Discussion in 'Perl Misc' started by Wes Groleau, Apr 11, 2005.

  1. Wes Groleau

    Wes Groleau Guest

    I have a file containing thousands of Spanish words, encoded AFAIK)
    in UTF-8. I also have a perl script in UTF-8, which says (hope
    pasting works):
    #!/usr/bin/perl -w -CSD
    #
    # NOTE: The extra space in the bang line is mandatory (bug in perl 5.8)
    use warnings;
    use strict;
    use utf8;

    while (<>)
    {
    print if ( /ñ/ )
    }

    What is in the regexp is supposed to be "small n with tilde"
    and I verified with od -xc that it is hex C3 B1 as is every
    place in the file where that letter appears.

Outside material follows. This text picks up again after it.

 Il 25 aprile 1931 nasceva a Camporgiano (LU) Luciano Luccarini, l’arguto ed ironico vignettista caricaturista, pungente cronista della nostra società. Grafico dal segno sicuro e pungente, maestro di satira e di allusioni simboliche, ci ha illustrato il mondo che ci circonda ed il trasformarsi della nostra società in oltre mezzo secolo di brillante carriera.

    The script is intended to find all words containing that
    letter. But it finds nothing. After wading through gallons
    of text (man encoding, man utf8, man perlunicode, etc.),
    I still had no reason to think it was wrong. But I added

    use encoding "utf8";

    and ran it again, getting only:
    Ze-Admins-Computer:~/Desktop wgroleau$ char-find palabras.utf8
    Malformed UTF-8 character (unexpected non-continuation byte 0x00,
    immediately after start byte 0xde) at
    /Volumes/Parents/wgroleau/bin/char-find line 12.

    ?!? According to 'od -xc' the script does NOT contain any
    byte that is 0xde In fact, the ONLY bytes in the script that
    are not ASCII are the bytes for the "enye" which are on line
    twelve, but neither of them is a DE and NO bytes are 00.

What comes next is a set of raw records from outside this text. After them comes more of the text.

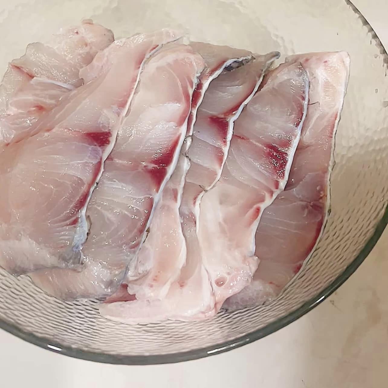 Cá lọc xương thái vát miếng dày 2-3 cm. Thái mỏng quá cá chiên lên sẽ bị nát/ khô
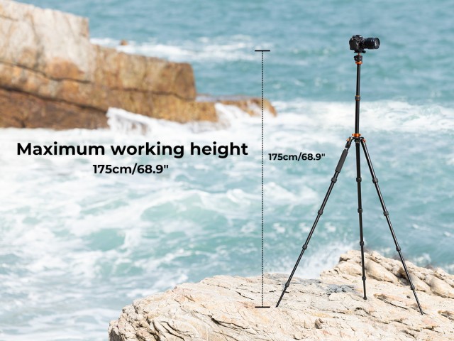 "* 【K&F Concept Compact & Portable】 Aleación de aluminio y magnesio de alta calidad, resistente a la corrosión; el trípode con rótula pesa solo 1,5 kg, se puede girar 180° y plegar hasta 42 cm, por lo que es fácil de guardar en una mochila o maleta cuando se viaja.
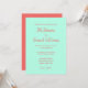 Une élégante invitation de mariage, ce design présente du texte corallien écrit sur un arrière - plan turquoise. Le dos est également recouvert de corail. Commandez les vôtres dès aujourd'hui !

    Have I found a bug in perl or is my ignorance just getting
    the best of me?

    Oh, yeah, I also tried a few things with 'binmode' that didn't
    work either.

    WWG
    Wes Groleau, Apr 11, 2005
    #1
    1. Advertising

  2. On Sun, 10 Apr 2005, Wes Groleau wrote:

    > I have a file containing thousands of Spanish words, encoded AFAIK)
    > in UTF-8.


    Well, your whole report stands or falls by that "AFAIK", so it might
    be useful to have a test case, including data, which we could run for
    ourselves (preferably on a web page, to exclude any possibility of
    lossage in usenet postings) to help pin-down your problem.

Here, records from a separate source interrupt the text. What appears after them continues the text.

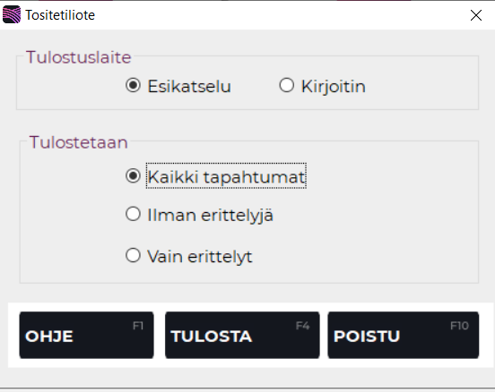 Painamalla F4 Tulosta voit tulostaa raportin valintasi mukaan esikatseluun tai suoraan kirjoittimelle
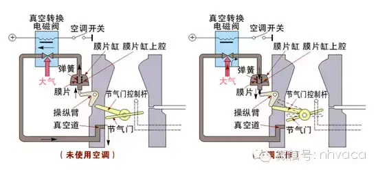 怠速自动调整装置:作用是当发动机怠速运转又需要制冷系统工作时,自动加大油门开度以增大发动机输出功率。
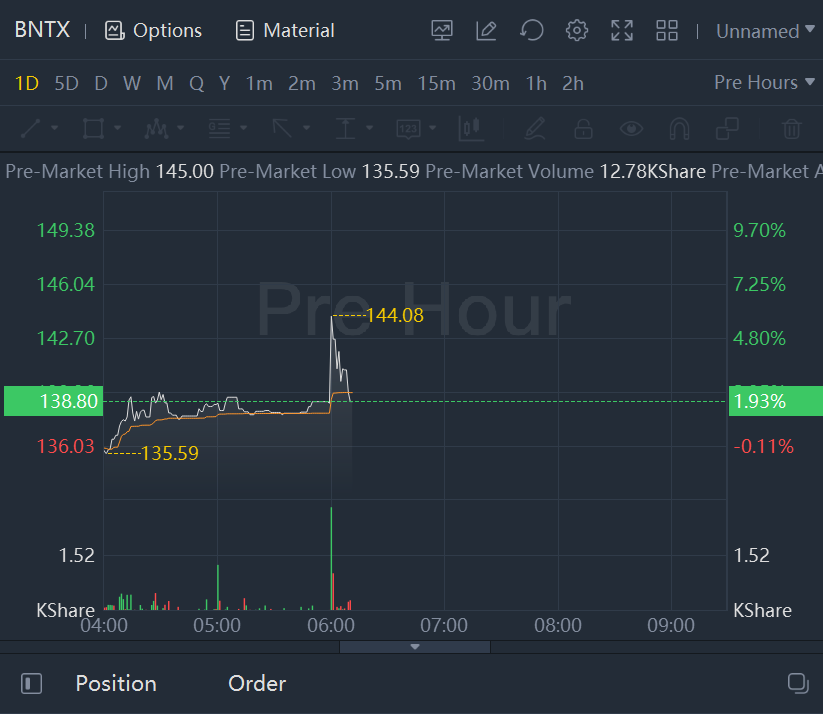 American depositary receipts of BioNTech (ticker: BNTX) rose 1.93% to $138.80 in premarket trading Monday.

    > I also have a perl script in UTF-8,


    Noted, although I don't see any compelling reason to code the script
    itself in utf-8. Sure, you /can/ do, but it seems to me to be a
    potential additional complication that one could do well to avoid
    when feasible.

    > #!/usr/bin/perl -w -CSD
    > #
    > # NOTE: The extra space in the bang line is mandatory (bug in perl 5.8)


    Do you have a cite on that? My knowledge of this area is admittedly
    somewhat limited, but I hadn't met this before.

    > What is in the regexp is supposed to be "small n with tilde"
    > and I verified with od -xc that it is hex C3 B1 as is every
    > place in the file where that letter appears.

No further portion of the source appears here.